La Grèce et l’Empire romain antiques avaient leurs oracles : des personnes étaient censées recevoir d’un esprit ou d’une divinité, après qu’elles soient entrées en transe, la révélation de l’avenir. A ces pratiques divinatoires, s’ajoutaient la sorcellerie et la magie.

Par les temps qui courent, l’astrologie (l’observation des astres pour déterminer leur influence sur les événements terrestres et la destinée des hommes) et la voyance (les voyants prétendent pouvoir lire dans le passé et prévoir l’avenir) font autant d’adeptes que les techniques anciennes. Il existe même des groupes occultes qui agissent sous couvert d’associations culturelles ou éducatives.

Le maraboutage est lui aussi en pleine expansion : le marabout est, en principe, un homme recommandable par sa vie dévote , qui devrait recourir à la prière d’intercession pour aider ses semblables. Mais, assez souvent, il vend des amulettes et des talismans. Il a le crédit de faire réussir à l’école et dans les affaires. On sait aussi que certains chrétiens ont tendance à attacher indûment un pouvoir magique aux médailles, aux crucifix et autres objets de piété…

La géomancie ( observation des figures formées par de la terre ou des cailloux sur le sol ou sur une table), l’ornithomancie, bref, une bonne gamme des mancie(s) attire de la clientèle aujourd’hui et fait des chiffres d’affaires de l’ordre de dizaine de milliards par an.

On a pu citer de grands parmi les adeptes : Newton, Descartes, Leibniz. Il est écrit que Karl Marx célébrait des messes noires (7), que Victor Hugo était un adepte fervent de la famille Fox (8). Cela peut étonner, pour des esprits hautement rationalistes. Mais Jésus n’a-t-il pas remercié son Père d’avoir caché certaines vérités aux savants et de les révéler aux tout petits ?.

Il court nouvelle aujourd’hui des accointances de certains hommes politiques européens, américains, africains avec l’occultisme. Aussi bien à Londres qu’à Paris, à Rome qu’à New York, à Dakar qu’à Ouaga, des ingénieurs, des industriels, et de petites gens aussi… reculent dans les villages, de jour comme de nuit, mais surtout de nuit, « pour voir clair » dans leurs affaires.

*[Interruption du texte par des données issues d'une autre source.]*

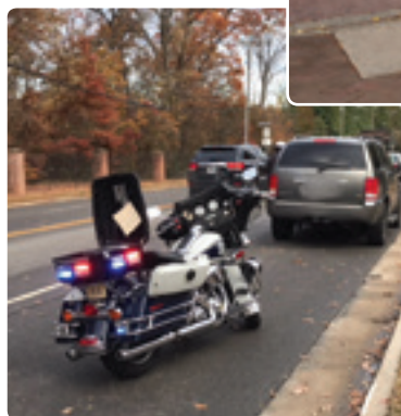
Alexandria Police Department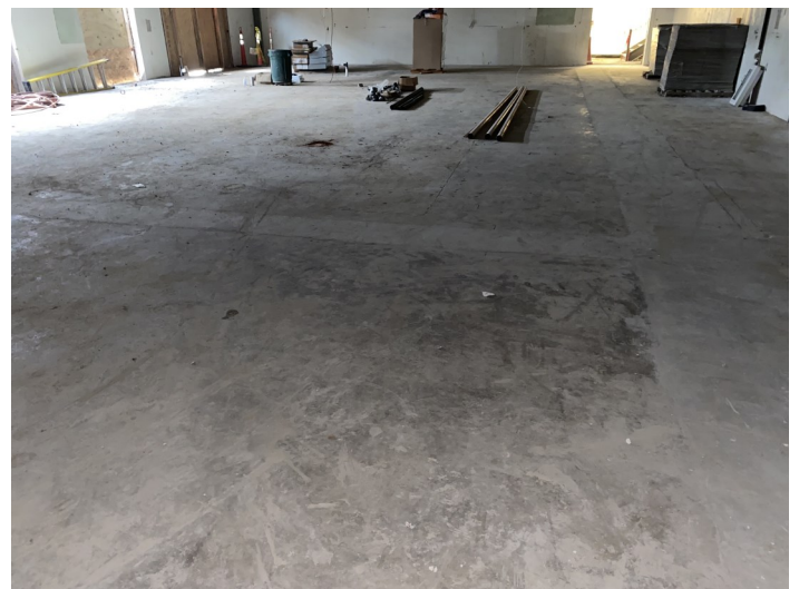
Area G Level 2—UG Plumbing install and concrete placement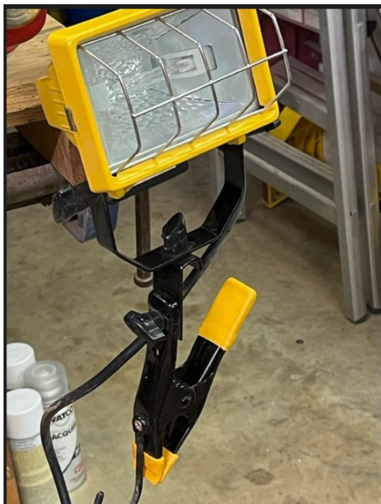
Single lamp, clamp or hang. $5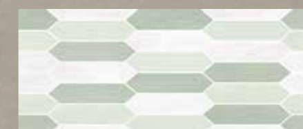
UNISTVE UNIQUE STRUTTURA VERDE 92 MQ 20x50 8"x20" SPESSORE THICKNESS 8,5 mm MQ/BOX 1,20 KG/BOX 17,80 MQ/PALLET 57,60 BOX/PALLET 48 PCS/BOX 12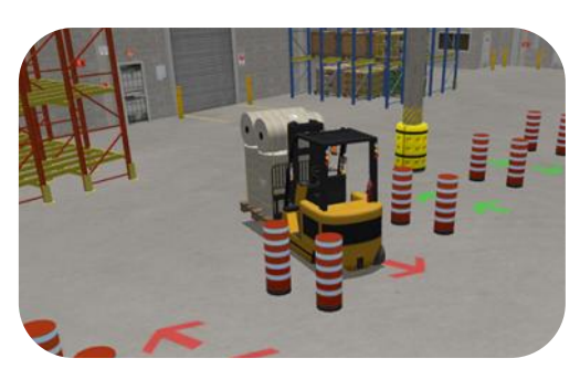
Driving in reverse with tall loads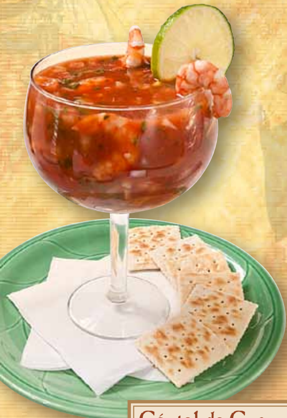
Cóctel de Camarón

Enchiladas Cancún Two shrimp enchiladas topped with cheese dip, served with Spanish rice, lettuce, tomatoes and guacamole – 10.99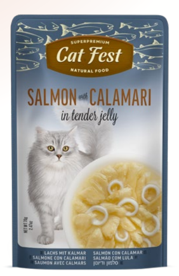
COMPOSITION: salmon 54%, salmon broth 38%, calamari 6%, yeast extract, fructo-oligosaccharides, anchovy fish oil, salt. ADDITIVES: Nutritional Additives: Vitamin E 800 mg/kg, Taurine 800 mg/kg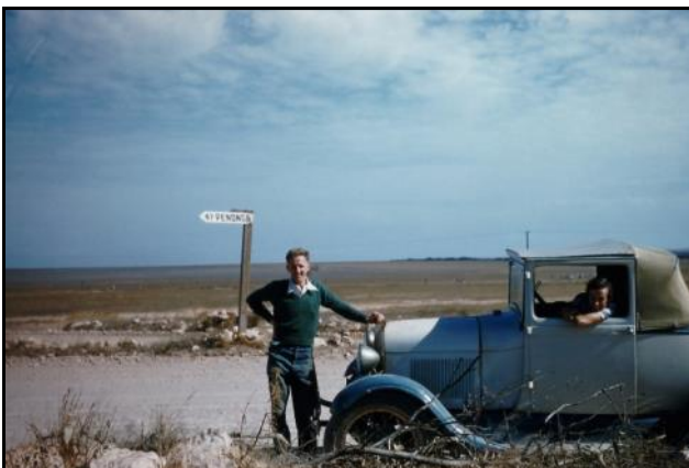
On the way to Penong

Des wakmans, à en croire certains écrits, ont été mandés d’Afrique auprès de certaines personnalités occidentales pour les aider à conquérir ou conserver le pouvoir. Le wak apparaît ici comme l’un des meilleurs produits exportables de l’Afrique en ce siècle de mondialisation (Hi !).

Des équipes de football auraient dû leur victoire aux « messies modernes ». Des statistiques indiquent, en Europe, un fort taux de fréquentation et de liaison de la population avec les fétiches, les magiciens et les sorciers. Aux Etats-Unis, la « religion de Satan », officiellement reconnue, rassemble des adeptes cultivés, que l’on peut rencontrer souvent en procession avec des tibias ou des crânes humains (9).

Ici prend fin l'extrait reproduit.